Of all the many documents produced by the Second Vatican Council, none systematically takes up the question of God. More precisely, though the documents refer again and again to God, and in Trinitarian terms, none is devoted to rethinking the church’s understanding of God and God’s relation to the world.

Here is what the late John Paul II says in Memory and Identity about the attempt on his life on May 13, 1981: “It was as if ‘someone’ was guiding and deflecting that bullet.” The pope’s secretary, Archbishop Stanislaw Dziwisz, remarks about the events of the day: “In all this, the hand of God is visible. Everything points toward it.”

Here is what John Paul says about Nazism: “The Lord God allowed Nazism twelve years of existence, and after twelve years the system collapsed. Evidently this was the limit imposed by divine providence upon that sort of folly. In truth, it was worse than folly-it was ‘bestiality’....Yet the fact is that divine providence allowed that bestial fury to be unleashed for only those twelve years.”

Memory and Identity originated in conversations that John Paul II had with two Polish intellectuals in 1993. An editorial note explains that the pope reworked these conversations, but does not specify either when he did so or to what extent. The book retains the form of a conversation, with questions and answers, but the pope’s answers go on for so long that it is difficult to imagine him speaking here to anybody.

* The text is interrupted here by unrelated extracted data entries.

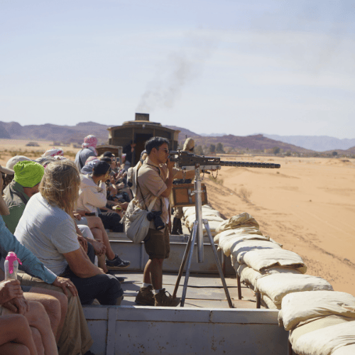 Ngồi toa cổ nghe câu chuyện người Bedouin đứng lên, cảm nhận từng nhịp bánh sắt lăn qua sa mạc khô cằn.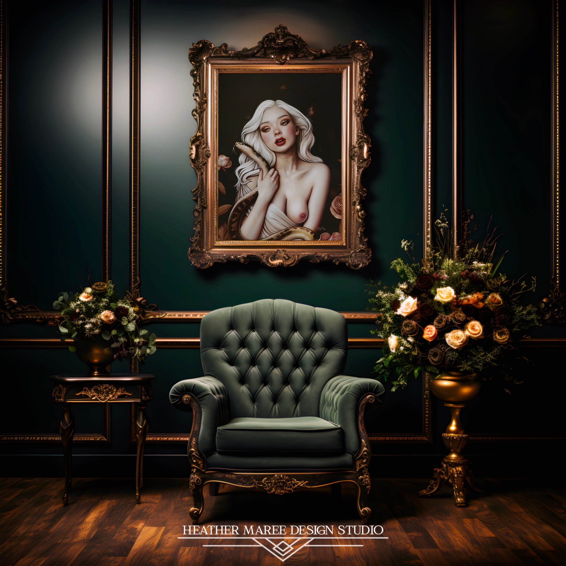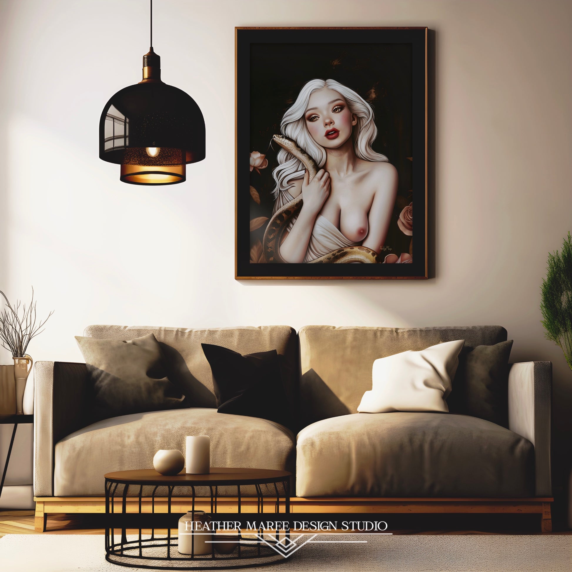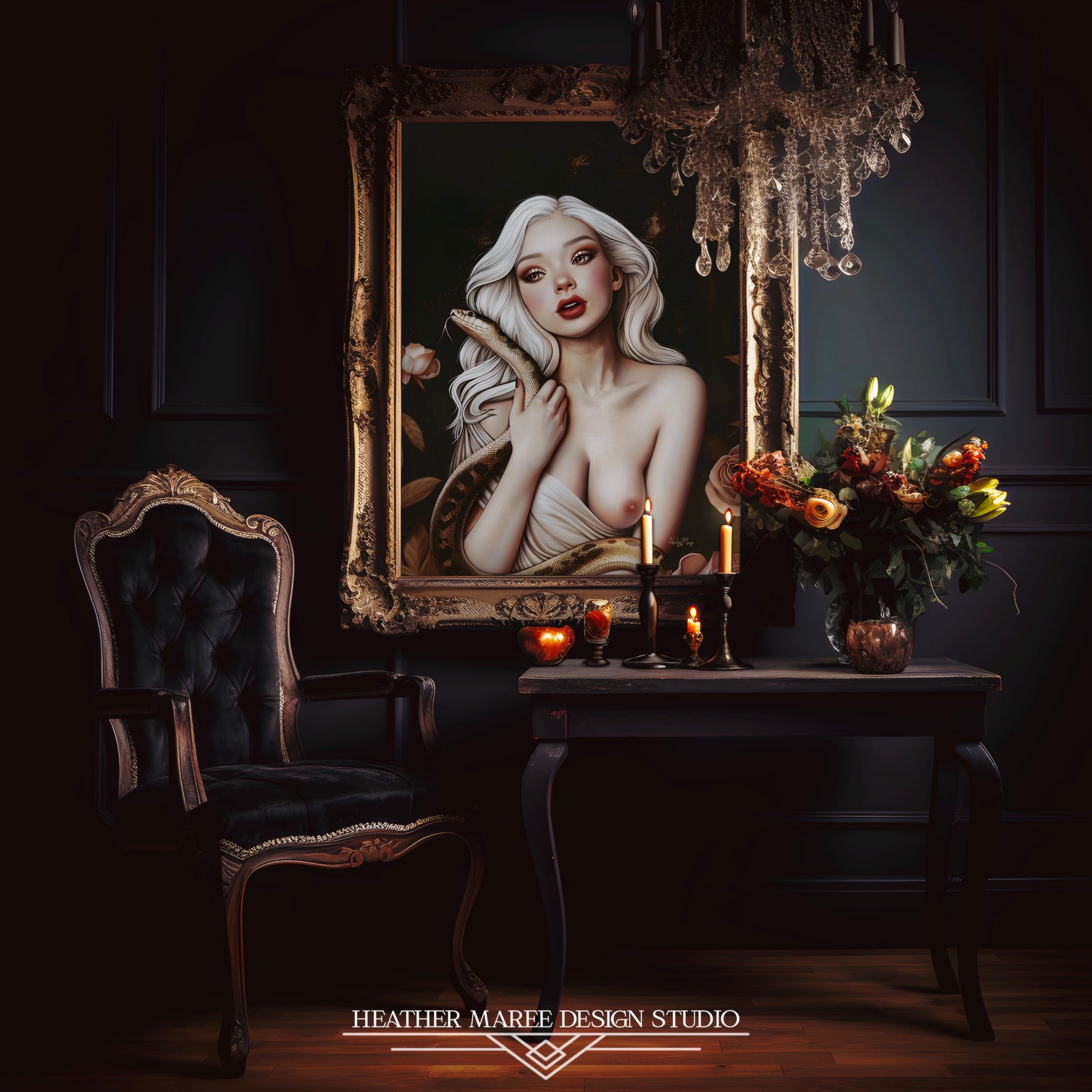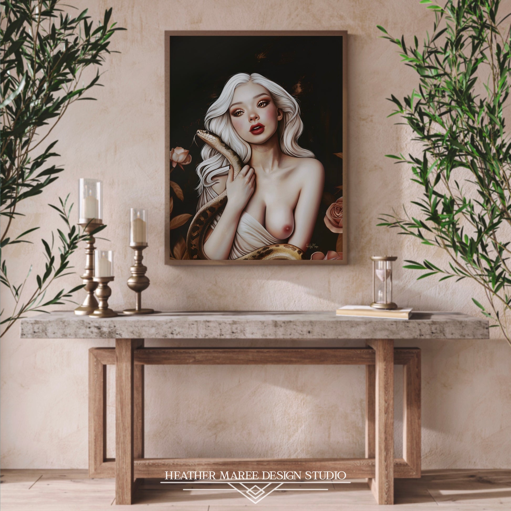 This bewitching original fine art print features a striking image of a young woman with flowing white hair, her gaze both intense and captivating. She holds a serpent gracefully wrapped around her bare shoulders, its textured scales contrasting with her smooth, porcelain skin. Her rosy cheeks and bold red lips add a touch of warmth to the otherwise cool, ethereal palette. The background is a deep, dark canvas, accentuated by hints of gold and bronze, with delicate roses framing the scene.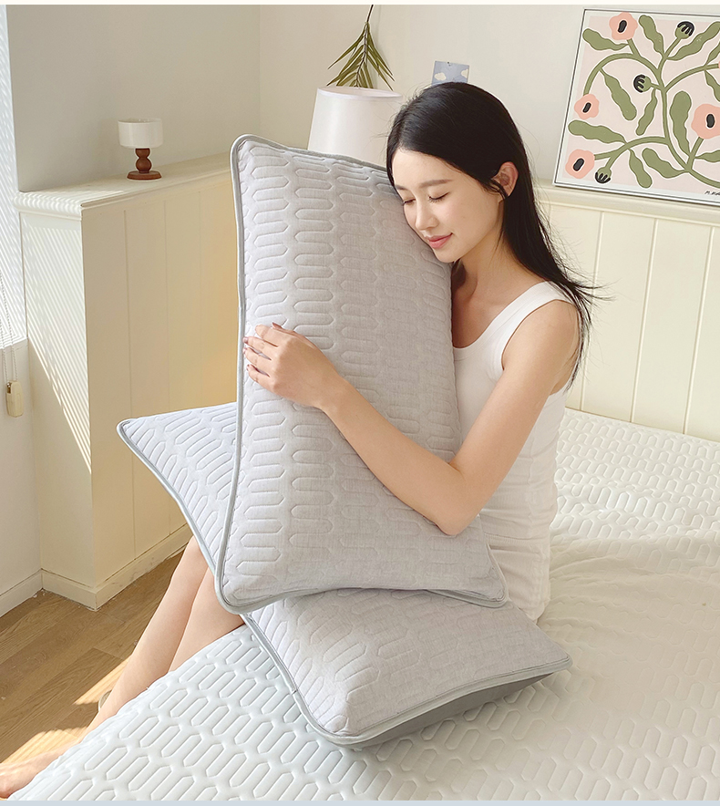 雨彤家纺 2025年新款A类凉感丝乳胶单人枕套 肌理纹-灰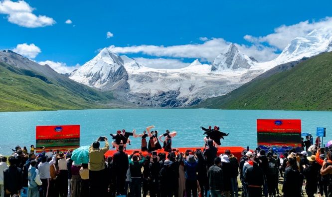 天高地闊,白云祥和,雪山巍然;清風(fēng)徐徐,青草依依,湖水湛藍(lán)。薩普雪山融水匯聚成一條清澈的河,從眼前激流直下。7月15日上午,一場別具特色的文化旅游賽事活動在這里拉開序幕。一場慷慨激昂、內(nèi)容豐富的主題推介演講,一首首悠揚(yáng)高亢、直擊心靈的民族歌曲,一幕幕輕盈靈動、鏗鏘有力的特色舞姿,引得現(xiàn)場數(shù)百名觀眾一陣陣掌聲雷動和直播間數(shù)十萬用戶點贊、好評不斷,成功向區(qū)內(nèi)外推介了比如縣得天獨厚的旅游資源和特產(chǎn)資源,為旅游事業(yè)和經(jīng)濟(jì)社會高質(zhì)量夯實了宣傳工作基礎(chǔ)。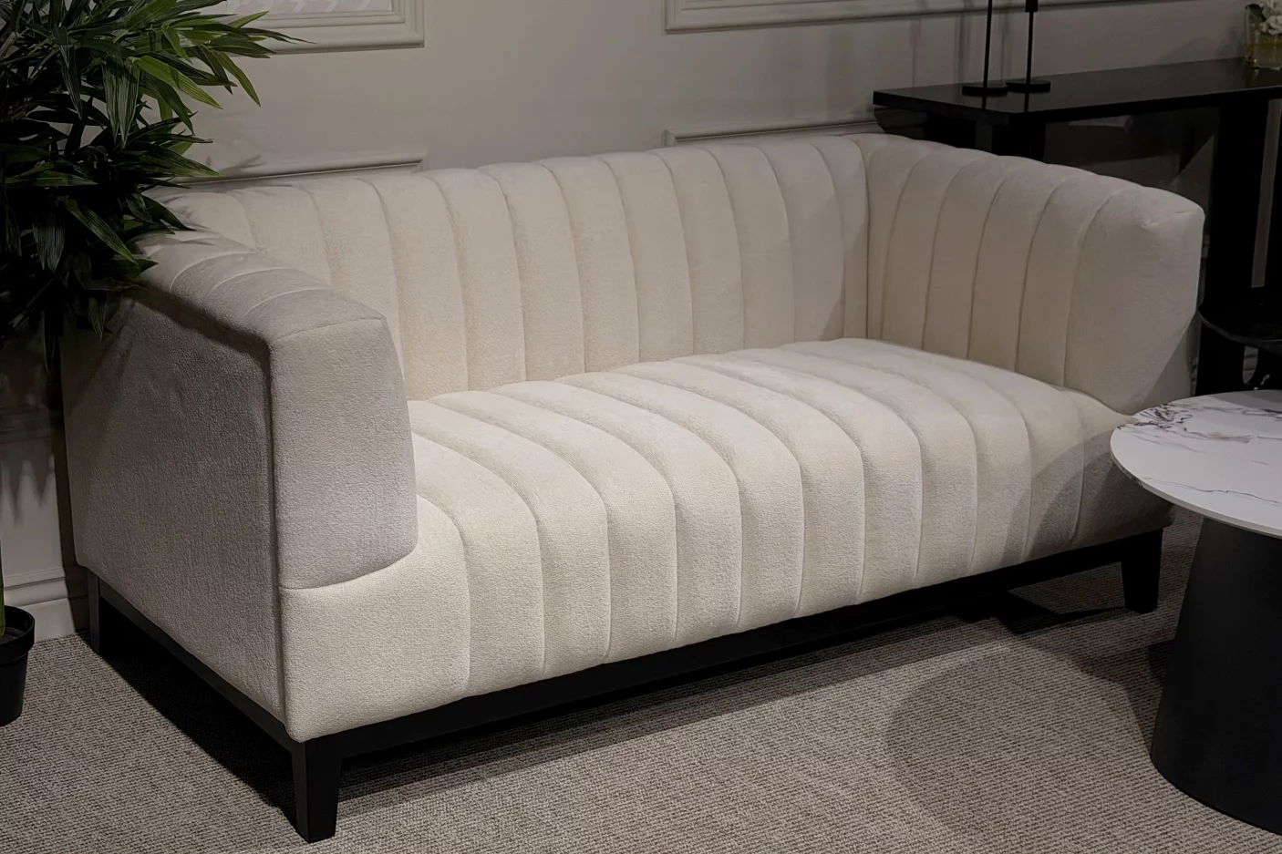 Ця модель подарує вашому максимум комфорту та розслаблення, завдяки м'якому сидінню і спинці, наче створенної з подушок, а також оббивці, виконаної з м'якої та приємної на дотик тканини букле, яка не тільки є практичним та зносостійким матеріалом, але й додає розкоші у ваш інтер'єр.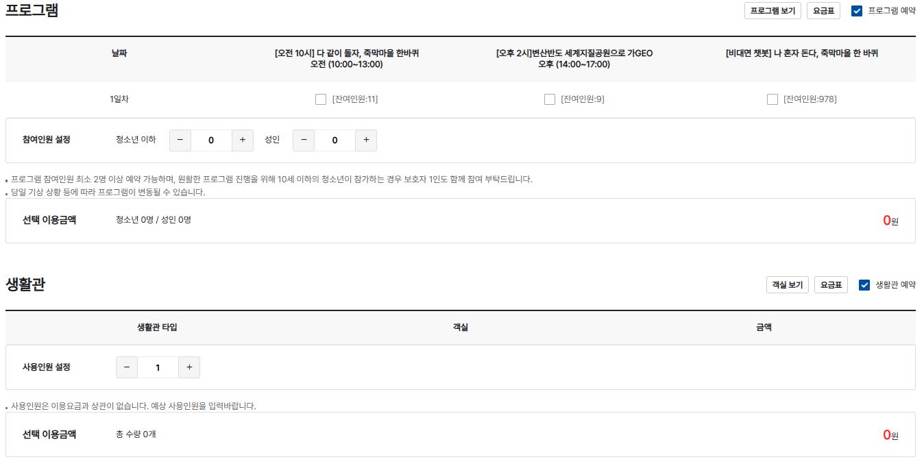 - 프로그램 예약 시(2인 이상) 생활관 이용 가능

The book does not show John Paul at his best. His discussion of “the history of European philosophical thought” needs clarification. Some of what he says is also rather dubious. For example, “If man can decide by himself, without God, what is good and what is bad”-for John Paul, this presumption is the mark of Enlightenment thought-“he can also determine that a group of people is to be annihilated....This was the context for the extermination of the Jews and also other groups.” Surely “this” alone, namely Enlightenment thought, was not the full context. The history of Christian anti-Semitism must figure here somehow. Further, historical men and women have decided with God, or so they thought, that some people should be annihilated. This fact frightened and motivated Enlightenment thinkers.

The legacy of the Enlightenment is difficult to assess. As Cardinal Walter Kasper has observed, the Second Vatican Council’s Gaudium et spes represents a breakthrough for the church in coming to terms with what he calls “the modern problem of autonomy.” But John Paul does not contribute here to the development of this breakthrough. The following two sentences from his book indicate, shockingly, his view of the Enlightenment: “The modern history of Europe, shaped-especially in the West-by the influence of the Enlightenment, has yielded many positive fruits. This is actually characteristic of evil...” For “God can always draw forth good from evil.” Later, the pope writes that, “in all its different forms, the Enlightenment was opposed to what Europe had become as a result of evangelization.” Thus, what he calls “the propaganda of the Enlightenment” must be opposed by Christians, a call that he directs to his fellow Poles, whom he presents throughout the book as stronger and more authentic than citizens of the corrupted “West.” A note of anxiety, though, inflects John Paul’s reflections on his native land. In fact, it sometimes seems that much of the pope’s animus toward what he calls “the problem of liberalism” in Western Europe and the United States is inspired by his anxiety for the future of Poland.

But what is most striking about this book is the pope’s deep faith in divine providence. The belief that God is present and active in history-further, redeeming history-is basic to Judaism and Christianity. But can it credibly be claimed, as the pope does, that “the entire twentieth century was marked by a singular intervention of God,” saving us from ourselves? The pope sees the hand of God in allowing Nazism “only twelve years of existence.” He and his secretary see the hand of God in saving his life from the assassin’s bullet. (See the documents published by the Vatican applying the third secret of Fatima to John Paul.) But if God is to be understood as controlling and directing history, even guiding and deflecting bullets from time to time, does not the question need to be asked: Where was God during-to speak of only the greatest outrage of the last century-the murder of 6 million innocent Jews, including 1 million children? Given the tens of millions of other innocents killed during the twentieth century, it might be claimed that the last century was marked by a singular withdrawal of God, not intervention. To claim that God “allowed” Nazism “only” twelve years, while intervening to prevent the pope’s own death, raises questions about God. To counter that God works in mysterious ways-in the words of Job’s friend Eliphaz, “Have you listened in the council of God?”-seems obscene, even blasphemous after the Shoah. Can mass murder credibly be conceived to belong in some divine plan? Moreover, would the God who somehow sanctioned such crimes be a God we should worship?

Enlightenment thinkers like Voltaire, Hume, and Kant asked questions of this kind. (The author of the book of Job did, too.) The unnamed editors of the late pope’s book expressed the hope “that each reader will find here an answer to some of the questions that he carries in his heart.” John Paul’s last book raises but does not answer the question of God.

Bernard G. Prusak holds the Raymond and Eleanor Smiley Chair in Business Ethics at John Carroll University.